In working class communities there are also no alternative amusement and entertainment facilities. It is said that the character of a child is revealed and formed by its play, and that the character of an adult is shown in his play and amusements. Humans have a natural and legitimate need for amusement, distraction, sight-seeing and laughter. In the absence of alternative amusement outlets, alcohol becomes the means to address this natural need.

In the context of combating the Covid-19 pandemic the temporary ban on the sale and distribution of alcohol must go hand in hand with education, the repurposing/retooling of the alcohol and liquor industry, protection workers and small businesses, and the creation of alternative amusement and entertainment outlets.  In this way we will not only combat Covid-19 but also contribute to the creation of the elements of an alternative form of social life and society. In this struggle for an alternative society the working class would have to deal with the question of abuse of alcohol, alcoholism and the root causes thereof.

GIWUSA demands:

  1. That the alcohol and liquor industry-value chain of production must be repurposed/retooled to produce alcohol that is socially useful for the combating of the Covid-19 pandemic – i.e. produce sanitizers, anti-septics and disinfectants and so forth.

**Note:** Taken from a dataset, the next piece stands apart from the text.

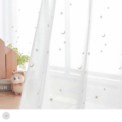 子供部屋 キラキラのお星さまとお月さまがかわいい刺繍レースカーテン <ララルー ホワイト> レビュー | パーフェクトスペースカーテン館

The production of the glass containers must be redirected to produce glass containers for these socially useful products
  2. The South African state temporary nationalizes under workers control the production side of the alcohol and liquor value chain to give effect to this repurposing/retooling
  3. That the South African state bail out the small business – like taverns and liquor stores – and assist them in temporary transforming into nodes for the sale and distribution of sanitizers and other socially useful products.
  4. That South African state legislate a moratorium on retrenchments in the industry
  5. That South African state legislate a moratorium on wage/salary cuts and cuts in other benefits.
  6. That there be mass education on the negative effects of the abuse of alcohol
  7. That the South African state build and create alternative forms of amusement and entertainment in working class communities.

The South African state and its capital bosses are not going to take these demands seriously unless workers in the alcohol and liquor industry unite and build organs of workers power in the workplaces. To this effect we are calling all workers in the breweries, glass manufacturing, packaging, distribution and sale of liquor to come together and unite.

Further as the working class we need to unite with the small businesses operating in the selling of liquor and develop a joint programme of action around these demands.